ANWITI BAHUGUNA, SENIOR PORTFOLIO MANAGER, COLUMBIA THREADNEEDLE INVESTMENTS IN BOSTON:

"The only thing that happened is that the S&P very briefly in the mid-afternoon went below the 200-day moving average. So sometimes there are participants in the market driven by technical factors, responding to things like the 50-day average, the 200-day average. So you will often see bounces off those levels. In fundamentals, I did not see any news around that time when the market started turning around.

"I don't think the market is focused on fundamentals at all. It's very volatile. There are many technical reasons for selloffs and buying. It's interesting from a day-to-day, hour-to-hour perspective, but it's not driving our outlooks long-term. The fundamentals, those are looking good for the U.S. economy.

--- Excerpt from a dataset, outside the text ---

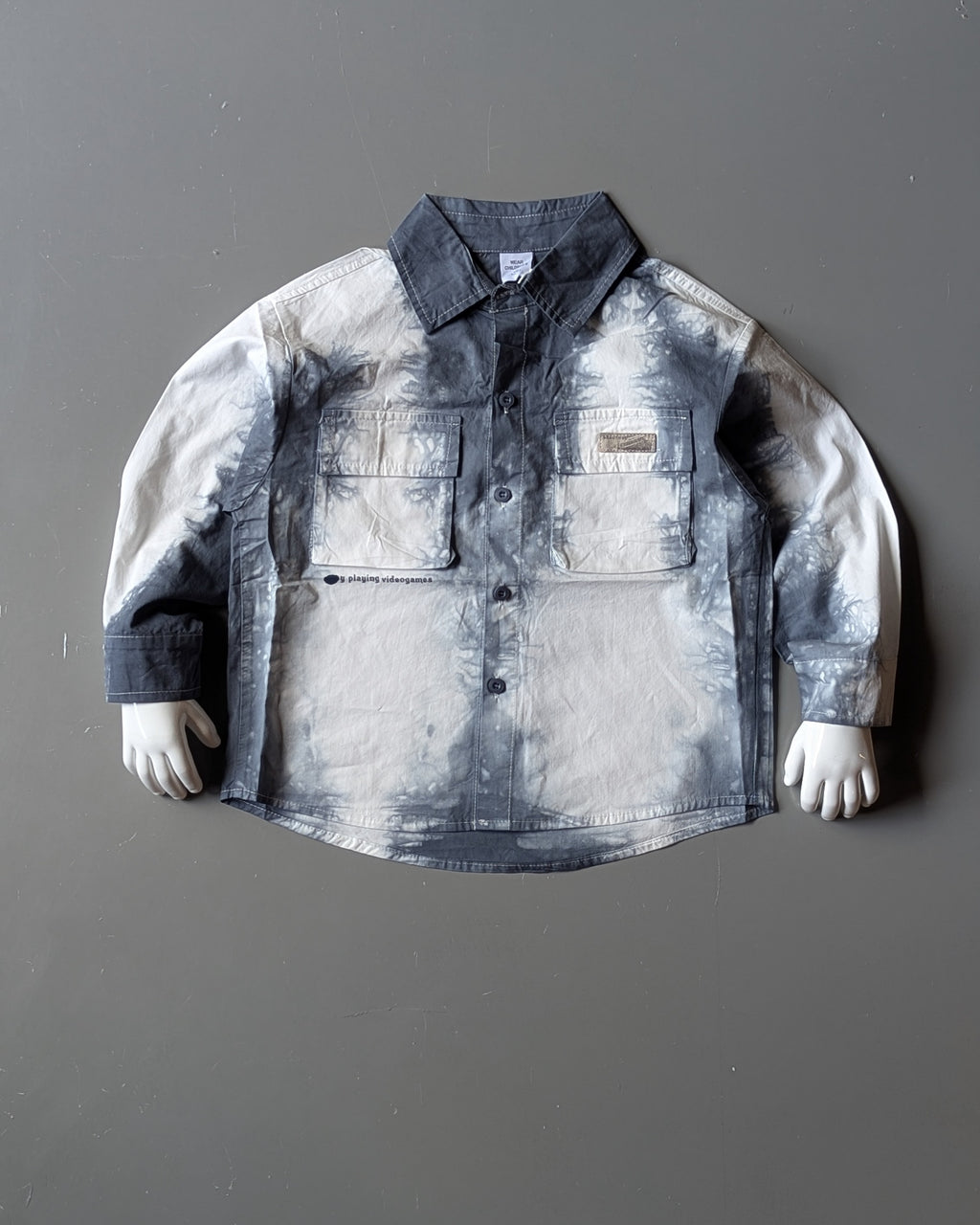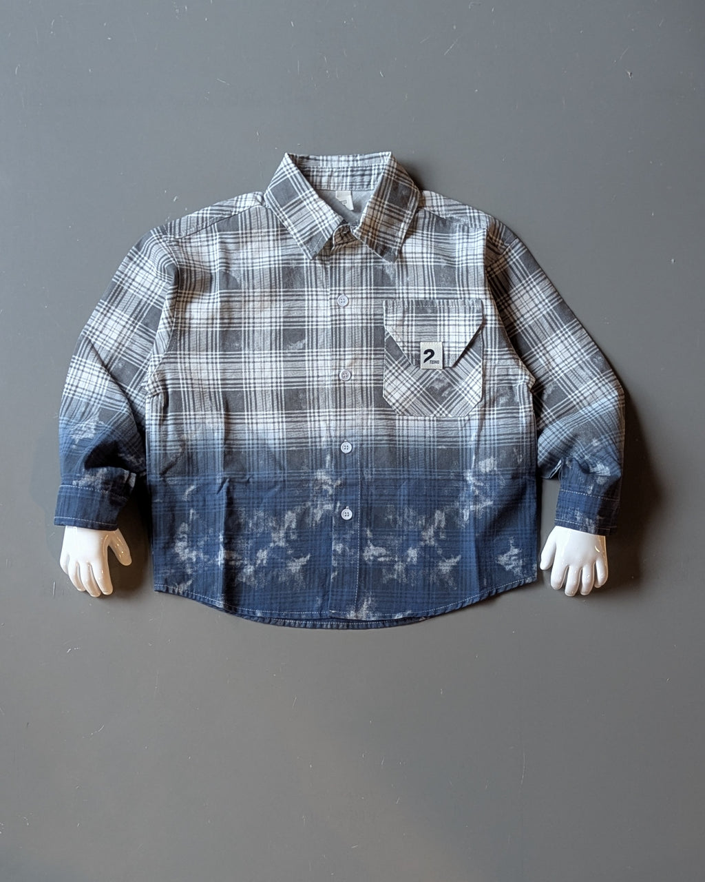Shirt Type: Long-sleeved, collared button-down shirt. Color: White with a prominent dark blue or gray tie-dye/dip-dye pattern. The color is concentrated around the collar, down the center of the shirt, and on the cuffs. Design ...

"In the long-term, this is all a blip. Something worth paying attention to: the market is giving a signal that it's not enough to focus on growth projections, which are all decent, but you also have to look at the inflation paradigm this results in. We're approaching an economy that's pretty close to full employment, and perhaps there's not a whole lot left."

STEPHEN MASSOCCA, SENIOR VICE PRESIDENT AT WEDBUSH SECURITIES IN SAN FRANCISCO

"A lot of this could have been short covering, people who didn't want to have 'risk on' over the weekend. There was no real new-news except the 10 year had a small rally."

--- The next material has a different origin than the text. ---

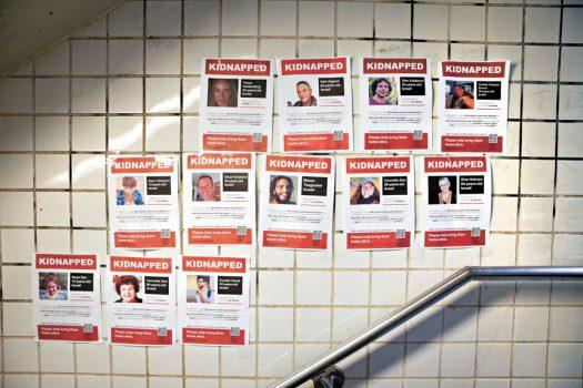 自以色列和哈馬斯戰爭爆發以來,紐約街景都被以色列民族的痛苦象徵所覆蓋:一張張傳單貼在路燈、樹幹、停車路牌及地鐵站樓梯間,每張傳單上都用大寫字母寫著「綁架」一詞,並印上在以色列被哈馬斯恐怖分子所綁架人質的照片。

ANDREW BRENNER, HEAD OF INTERNATIONAL FIXED INCOME AT NATALLIANCE SECURITIES:

"Equity markets started out strong, faded and then sold off...at 1.30 we had a massive buyer come in as we hit the 200 day moving average. ... No way this is over...We sense that traders, who had assumed a lower risk profile for the markets, are in risk reduction mode...risk parity trades for certain... Bonds... without the swoon and choppiness of equities we think we would have seen 3 pct 10 years by now... but the 2.80-2.85 range is still doing a lot of work."

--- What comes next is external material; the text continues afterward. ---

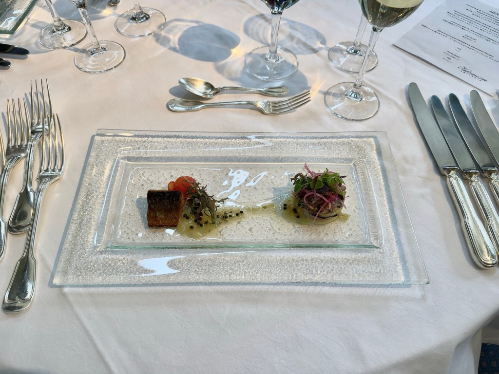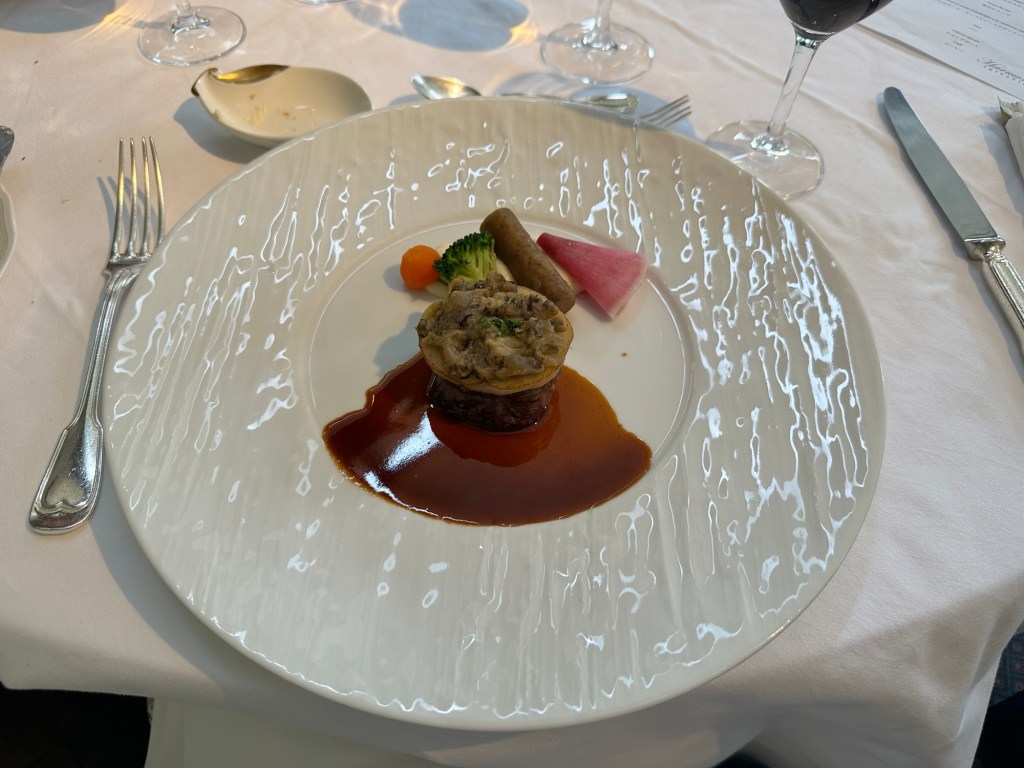 正式名称は「源泉牛フィレ肉とキャビア・ド・オーベルジーヌのヴィエノワーズ デミグラスソース」です(笑)

ANAND OMPRAKASH, DIRECTOR OF EQUITY AND DERIVATIVE STRATEGY AT BNP PARIBAS IN NEW YORK:

"It's a continuation of volatility and uncertainty ... there are institutions out there that are seriously looking to step into the equity market just because valuations at this point are starting to look pretty reasonable.... We've got institutions looking to decide when the best time get back in given the relatively more attractive valuations at this point.

"These kinds of swings take a while to fully normalize and eventually turn into an S&P rally because all the uncertainty. The equity markets have a tendency to swing pretty wildly. Volatility tends to cluster.

"I personally believe the worst is behind us."

ROB STEIN, CEO OF ASTOR INVESTMENT MANAGEMENT IN CHICAGO:

“I think it's a combination of things. There were likely people bargain-hunting, waiting until the end of the day. Interest-rate risk pressure seemed to abate a little bit. Stocks took their cue from that and started a rally.

“I don't see any reason to think that we're setting a pattern for next week or the rest of the year. The only pattern we're setting is more volatility. The market is saying, ‘I'm not sure of the valuation here.’ The economy is saying stocks are still in positive mode. The market starting point is here (today’s close), not the levels of two weeks ago, because inflation expectations and interest rates have changed, but the direction is still up.”